Resource photos taken from my personal photography collection.

Artist’s Process:

This portrait was created entirely in Procreate on a 13″ iPad Pro M5 with Apple Pencil Pro. Faith presented a particular compositional challenge — a dark-coated subject against a deliberately soft, neutral background, with the full weight of the painting carried by her eyes and expression. The close crop was a deliberate choice, eliminating distraction and placing the viewer in direct, unavoidable contact with her gaze. Layers of cool grey and near-black brushwork build the fur’s depth and directional texture, while the yellow-green irises required careful color mixing to achieve their distinctive chartreuse luminosity against the surrounding darkness. The soft mauve drapery background was rendered in loose, flowing strokes to contrast with the precision of the facial detail — drawing the eye inward toward Faith and keeping it there.

Challenge:

Painting a dark-coated animal against a muted background presents one of portraiture’s most demanding technical problems: how do you convey form, texture, and life in a subject that absorbs rather than reflects light?
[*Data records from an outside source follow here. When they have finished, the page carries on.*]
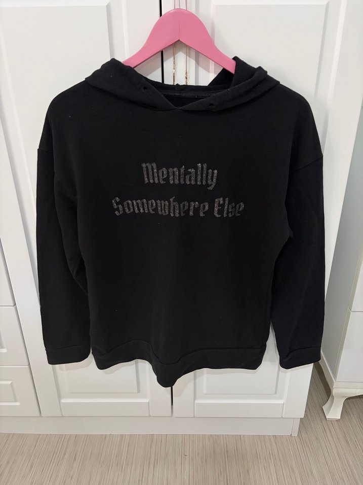 Siyah kapüşonlu sweatshirt, bol kesim ve "Mentally Somewhere Else" baskılı. Uzun kollu, yumuşak kumaşlı, günlük kullanım için uygun. Eski sezon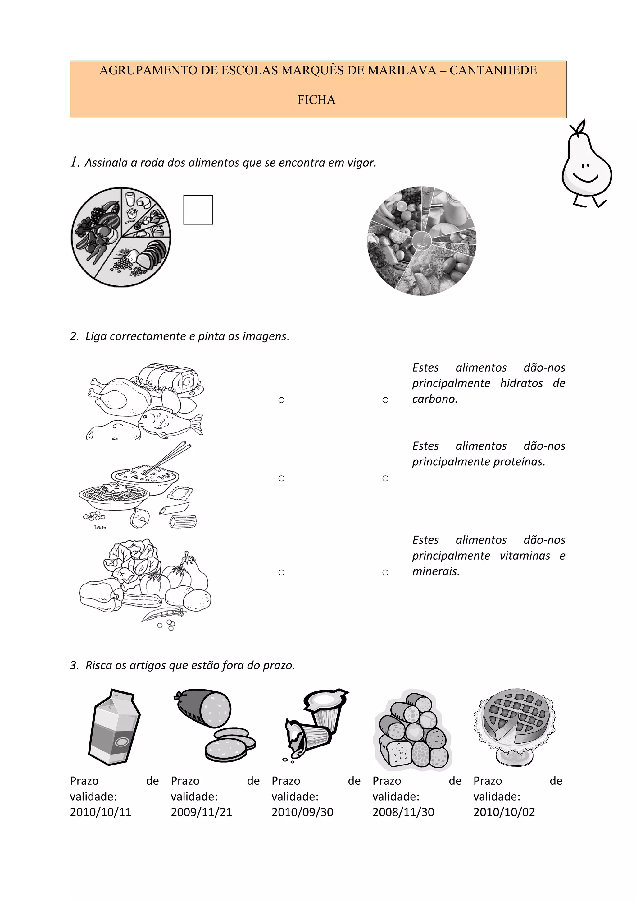Este documento contém uma ficha com perguntas sobre alimentação saudável e data de validade de alimentos. A ficha inclui perguntas sobre identificar os grupos alimentares na roda dos alimentos, associar imagens de alimentos aos nutrientes fornecidos, riscar artigos fora de prazo em uma lista, e responder se levaria uma embalagem de leite danificada para casa.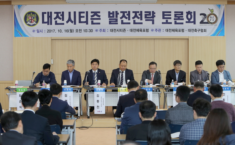 대전시티즌 ․ 대전체육포럼 ․ 대전축구협회 주최·주관으로 열린 이날 토론회는 정문현 충남대 교수, 김종천 시의원 등 9명의 토론자가 참석한 가운데 대전시티즌의 현 실태 진단과 발전방안 모색을 위한 주제발표와 토론이 진행됐다.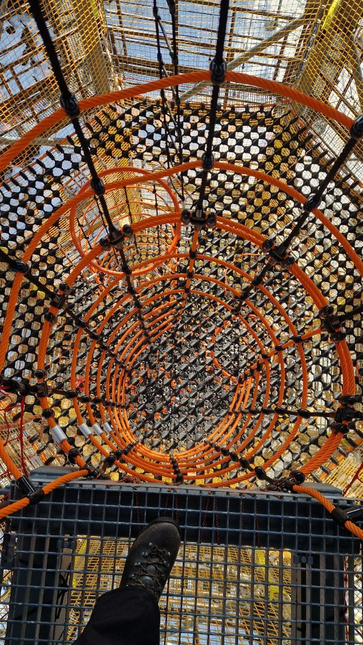 Этот элемент представляет собой спуск по сетчатым полкам и туннелям из крупноячеистых сетей для лазания. Спуск будет осуществляться без снаряжения, страховочную функцию выполнят сети с двойной дублированной защитой.

Faith’s charcoal-grey coat required building depth through layered undertones — cool blues and warm browns beneath the surface darks — so that her fur reads as three-dimensional and textured rather than as a flat silhouette. Defining her facial structure, particularly the transition from cheek to ear, meant working with the subtlest shifts in value where most artists would reach for contrast that simply isn’t there in the reference.

Her eyes presented the opposite challenge: two luminous focal points that had to feel genuinely alive without overpowering the quiet, watchful mood the portrait required.